Savisaar, the founder of the Estonian Popular Front in the late 1980s and the Centre Party in the early 1990s, dominated Estonian politics for almost 30 years – from 1988 until 2015, when an ill health and corruption allegations against him ended his political career. He was the last head of the Estonian government under the Soviet rule – the chairman of the Council of Ministers – as well as the first acting prime minister after Estonia regained its independence from the Soviet Union on 20 August 1991.
Born in prison
Edgar Savisaar was born in the Harku prison on 31 May 1950 – his parents, farmers Elmar and Marie, had been convicted in 1949 for resisting the Soviet-imposed collectivisation.
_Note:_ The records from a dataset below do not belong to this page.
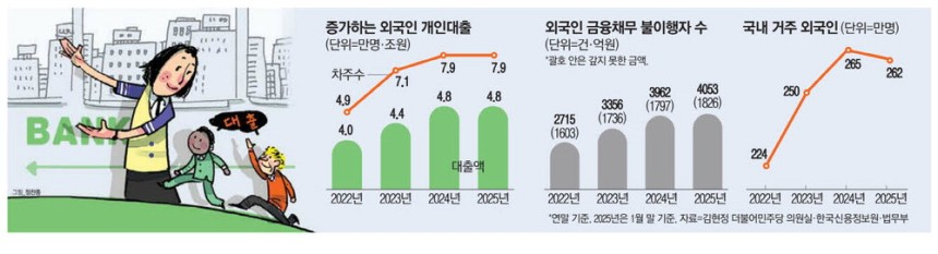 외국인 대출 부실 규모: 2022년 말 1603억 원 → 2024년 1월 1826억 원으로 증가.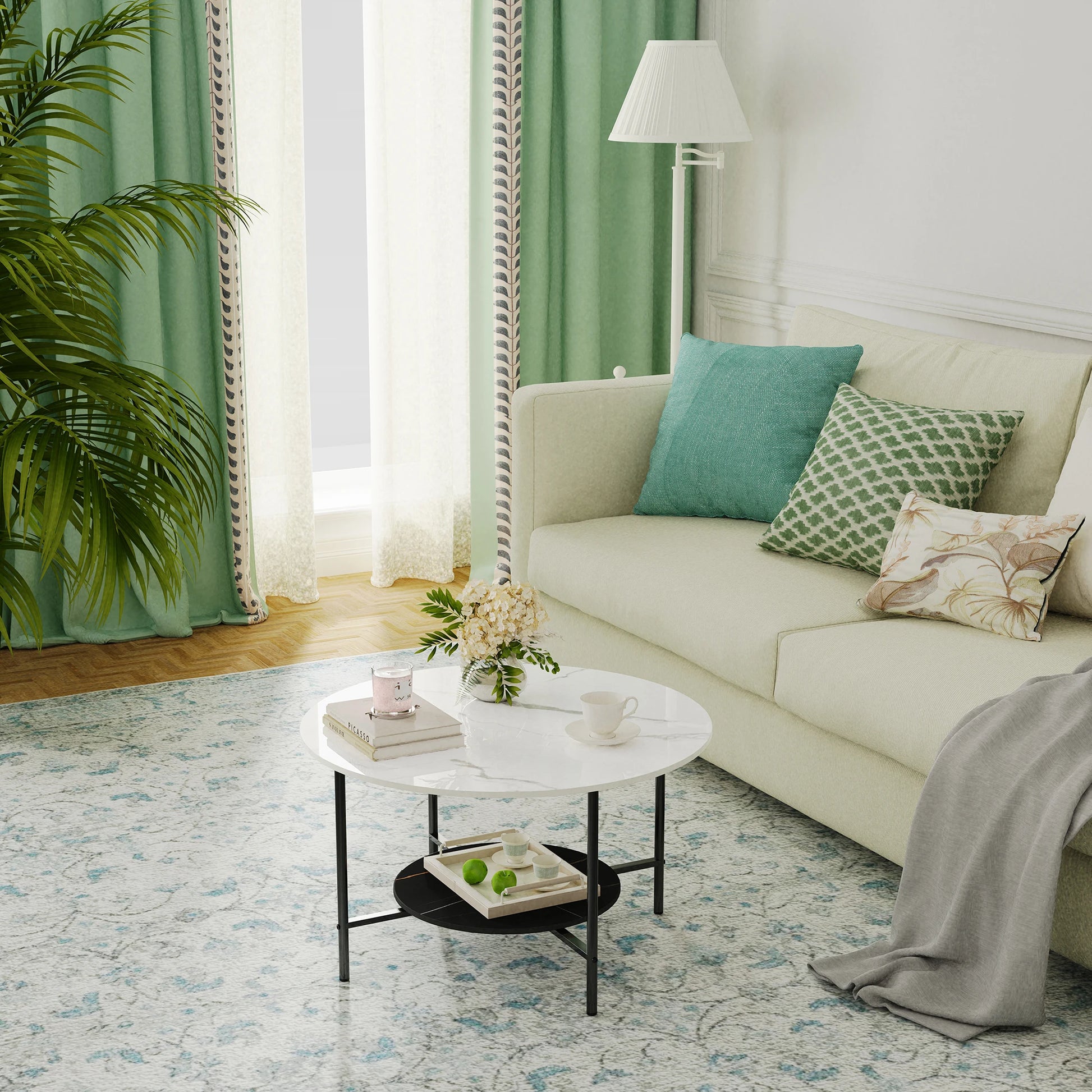 Modernt 2-vånings runt soffbord i sintrad sten – exklusivt bord med metallram för vardagsrum & sovrum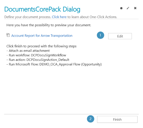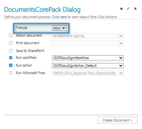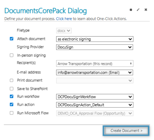 This opens the DocumentsCorePack Dialog, automatically using the data from the record you’re viewing.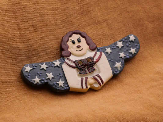 Patriotic Angel Wings Stars Art Stone Ceramic Button 25x48mm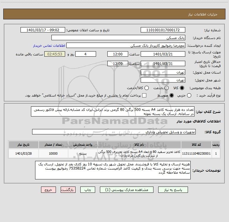 شرح کلی نیاز: تعداد ده هزار بسته کاغذ A4 بسته 500 برگی 80 گرمی برند ایرانی.ایران کد مشابه.ارائه پیش فاکتور رسمی در سامانه. ارسال یک بسته نمونه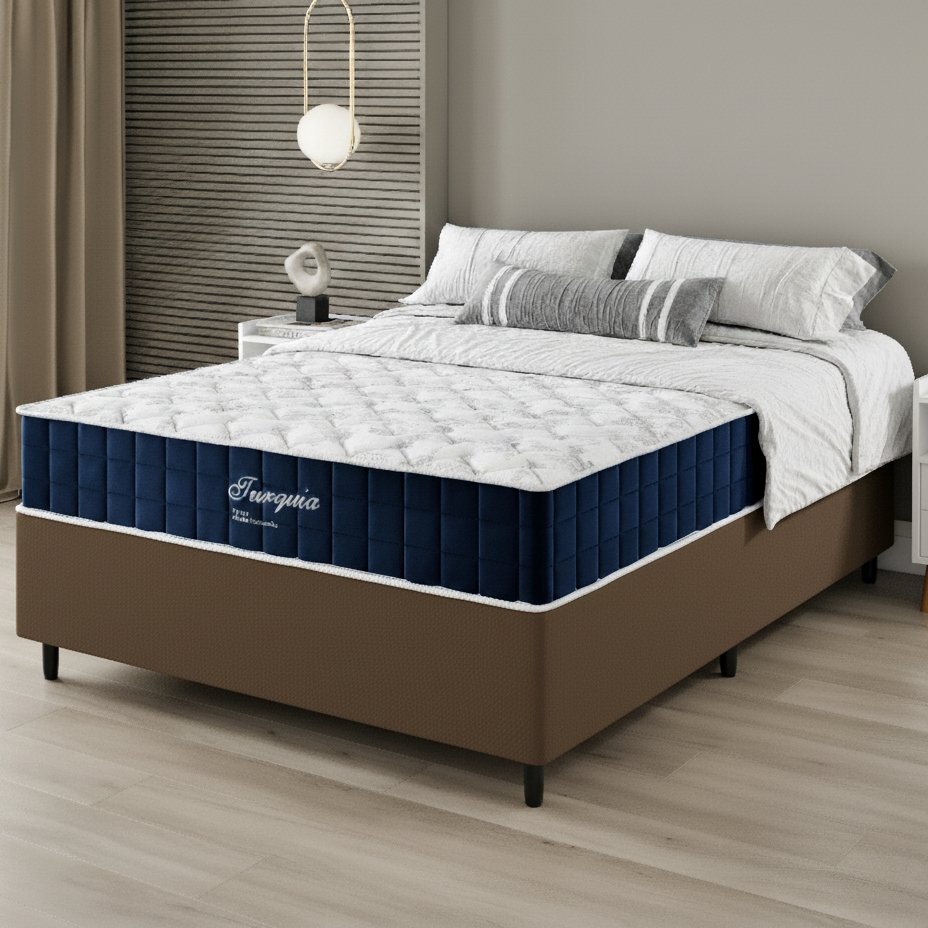 Colchão Casal Turquia D28 + Base Box Simples Corino Marrom – VIERO MÓVEIS + ALTO NÍVEL CAMAS E COLCHÕES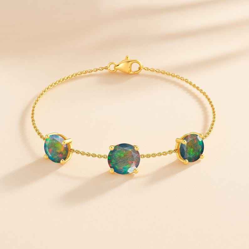 Natural Black Opal Bracelet 925 Sterling Silver 14K Gold Plated Dainty Three Stone Gemstone Jewelry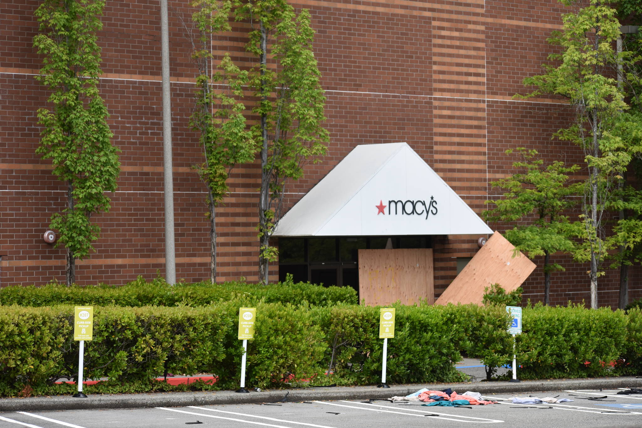 Next to the protest, groups of people were moving in and out of several Bellevue Square mall entrances carrying as much clothing, shoes and other items as they could.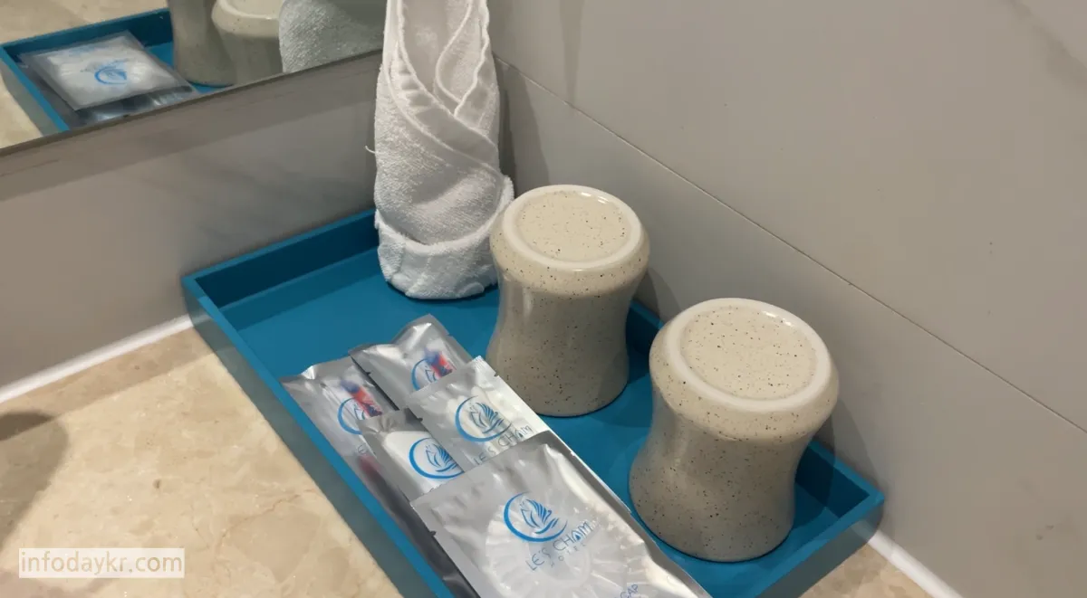 그리고 무엇보다 좋았던 건, 샤워기 필터 / 세면대 필터가 있었습니다. 처음엔 한국인 손님이 놓고간건가 했는데 호텔 측에서 해놓은 것 같더라고요. 레스참 호텔 가시는 분들은 필터 안 꺼내셔도 될 것 같습니다.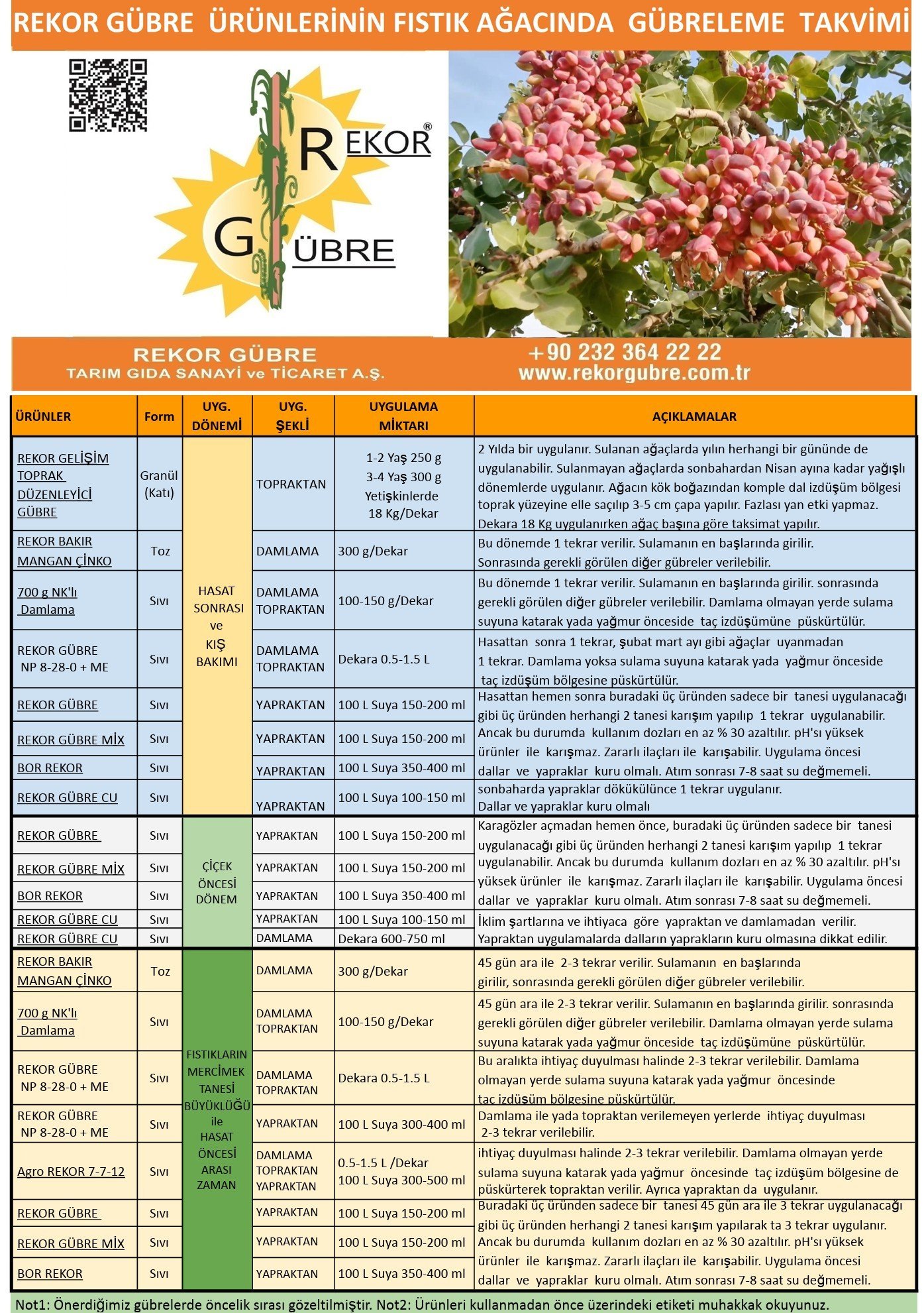 Aşağıdaki youtube videolar Antep fıstığı ve Siirt fıstığı yetiştiriciliğinin en çok yapıldığı illerde, yörelerde bölgelerdeki fıstık ağacı gübreleme işlemi aşamasında kullandıkları gübrelerin neler olduğunu nasıl yapıldığını anlatmaktadır. Yukarıdaki fıstık ağacı gübreleme programına baktığımızda fıstık ağacı için taban gübresi, yaprak gübresi, damlama gübresi gübrelerinin ne zaman ve hangi dönemlerde nasıl kullanılacağı konusunda bilgi vermektedir, gübre önerisi sunmaktadır.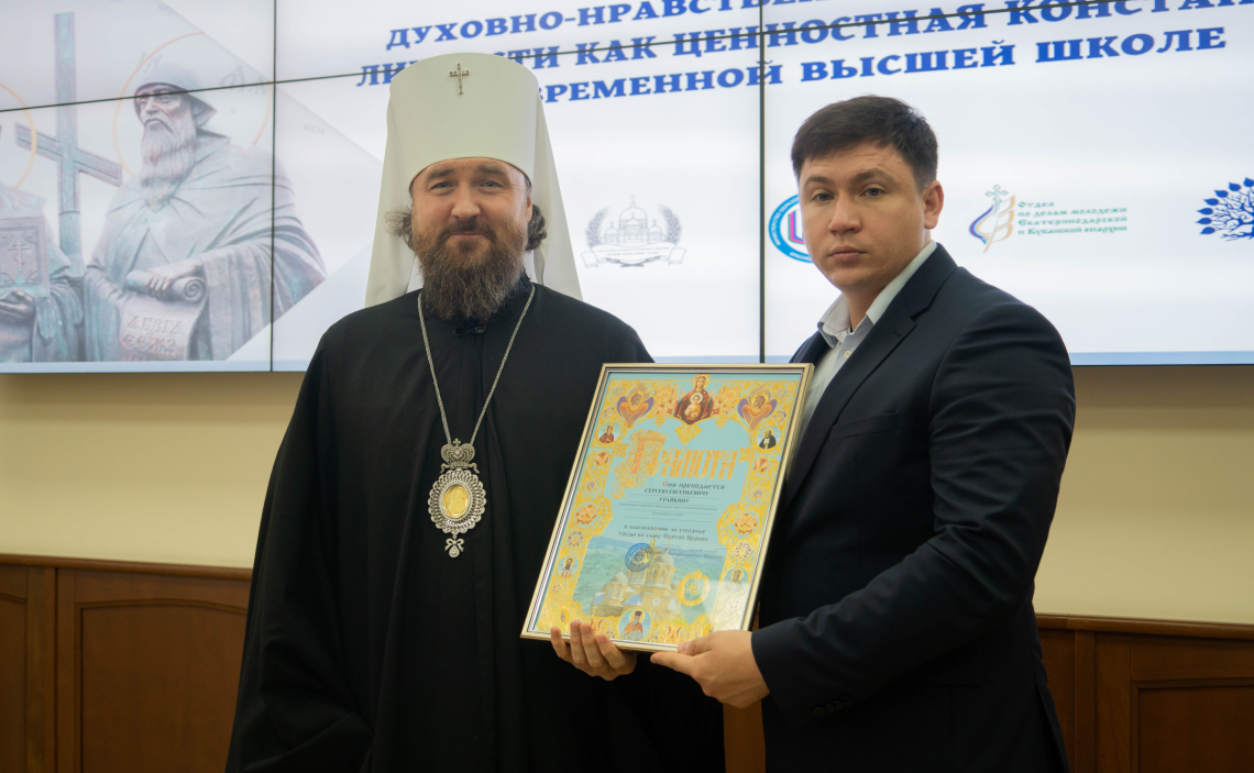 В завершении митрополит Екатеринодарский и Кубанский Григорий наградил Архиерейскими грамотами и благодарственными письмами за содействие в деле духовно-нравственного воспитания представителей высших и средних учебных заведений Краснодарского края.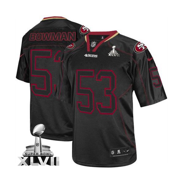AvailableHommes Nike San Francisco 49ers # 53 NaVorro Bowman élite Lights Out noir Super Bowl XLVII NFL Maillot Magasin, San Francisco 49ers Maillot.

Elmar was sentenced for 15 years (freed in 1952) and Marie for five years (freed in 1950) in prison.
After graduating from high school, Savisaar continued his studies at the University of Tartu, where he graduated in 1973 with a degree in history. In 1980, he wrote his candidate thesis in philosophy on the topic “Social Philosophical Foundations of the Global Models of the Club of Rome”.
For most of the 1980s, Savisaar worked as a little-known apparatchik in the Soviet Estonian governmental institutions – including as the head of department of the communist-ruled National Planning Committee from 1985-1988. At the same time, he also worked as a lecturer at the philosophy department of the Estonian Academy of Sciences.
Proposing the idea of self-managing Estonia
He first broke into the Estonian public consciousness in the autumn of 1987, when he co-proposed (together with Siim Kallas, Tiit Made and Mikk Titma) the idea of self-managing Estonia (the Estonian acronym IME; the acronym also means “a miracle”) that was enthusiastically discussed in the Estonian society. The idea was to make Estonia economically independent from Moscow – adopt a market economy and establish the country’s own currency and tax system.
Although formally it was no more than a suggestion to grant Estonia greater decision-making power to better manage the economy, many people nevertheless hoped the country would gradually manage to separate itself from the Soviet Union, or at least achieve greater autonomy. The proposal failed to get a positive reply from Moscow, although the Soviet Union now allowed private enterprise.
His big break came in the spring of 1988, when during a current affairs programme, broadcast live on 13 April on the Estonian state-run television, he came up with an idea to establish a “popular front” – a movement that would politically engage ordinary Estonians, not members of the Communist Party.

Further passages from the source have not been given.